那老者从马背上一跃而下,立即就有两个青壮年站在了他的身前,但被他抓着两个肩膀推开,一步步地走向了我们,最终在距离我们三十步开外的地方停下。
华子咬着牙说:“老子只要一颗子弹,就能打死他。”
我立即摁住他的枪管,说:“千万不要主动出击,那样就没有缓和的余地,你即便打死他,我们也
会为他陪葬的。”
在一辆车后的常年山说:“我们想办法拖延时间,我已经给家里打了电话,应该用不了多久就能赶到,现在我们缺的是时间。”
“用不了多久是多久?”
华子没好气地怒道:“常大少爷,你说个时间,老子看看自己是不是能够撑到。”
常年山看了看腕表,又想了一下说:“我估摸着最多一个小时,到时候会有一架大型直升运输机飞过来,谁都不要乱来,我不希望飞机是来给我们收尸的。”
刘天福想要站起身来,两个手下不想让他去抛头露面,但却拗不过他,最后她一步步地走了出去,但也只是向前走了十几米,不是他怕了,而是他走不动了。
看外面来看,刘天福要比那名老者更加显得苍老,两个人对峙而站,就像一些影视剧里边的经典情节,谁也没有主动开口,好像是在等待对方先撑不住。
过了没有一会儿,我的冷汗都下来了,自己也不清楚是紧张还是吓得,便对华子说:“你瞄准了那个老者的脑袋,如果对方开枪打我师父,你不要有任何犹豫也打他。
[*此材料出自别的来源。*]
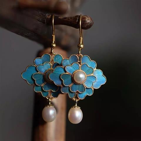 景泰蓝仿点翠镀金色耳环鎏金故宫经典新款中式简约中国风古风耳坠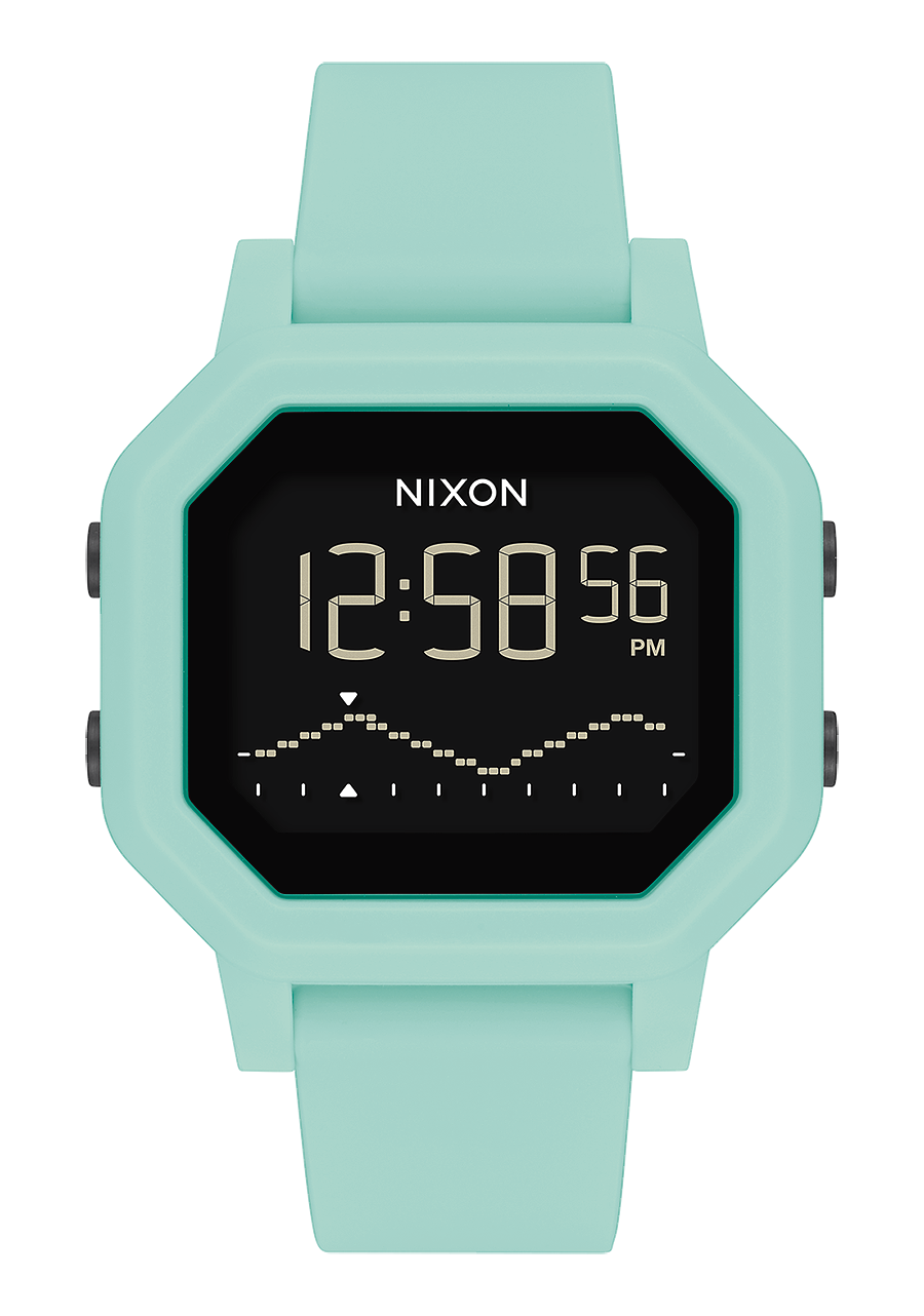 An essential tide watch with both style and substance, the Siren matches contemporary design with surf-specific features and sustainable materials. #Tide recycled plastic uses ocean-bound waste to create the super-durable case material, which means cleaner breaks for everyone. Plus, the basic tide functionality and soft silicone band mean it slays both in and out of the water.

”
华子一双眼睛又睁有闭,瞄着说:“这个你放心,从老家伙走进我们的射程范围,老子的枪口一直都在对着他的眉心处。”
最终,对面的老者先失去了耐心,他朗声开口道:“对面的朋友,把不属于你们的东西都留下,我答应放你们离开。”
随即,刘天福也开口说:“我的东西是属于我的,没有带什么不属于我的东西,也没带什么值钱的,唯一值钱的就是这些车,只不过没有油了,你要的话,我做主送给你。”
老者笑了笑说:“这些废铁不适合草原,我要的是你和你的人从沙漠中带出的东西,看在你年纪那么大,带着这些年轻人不容易,只要你交出来,我是不会为难你们的。”
真的要交出去吗?交出去是真的会放过我们吗?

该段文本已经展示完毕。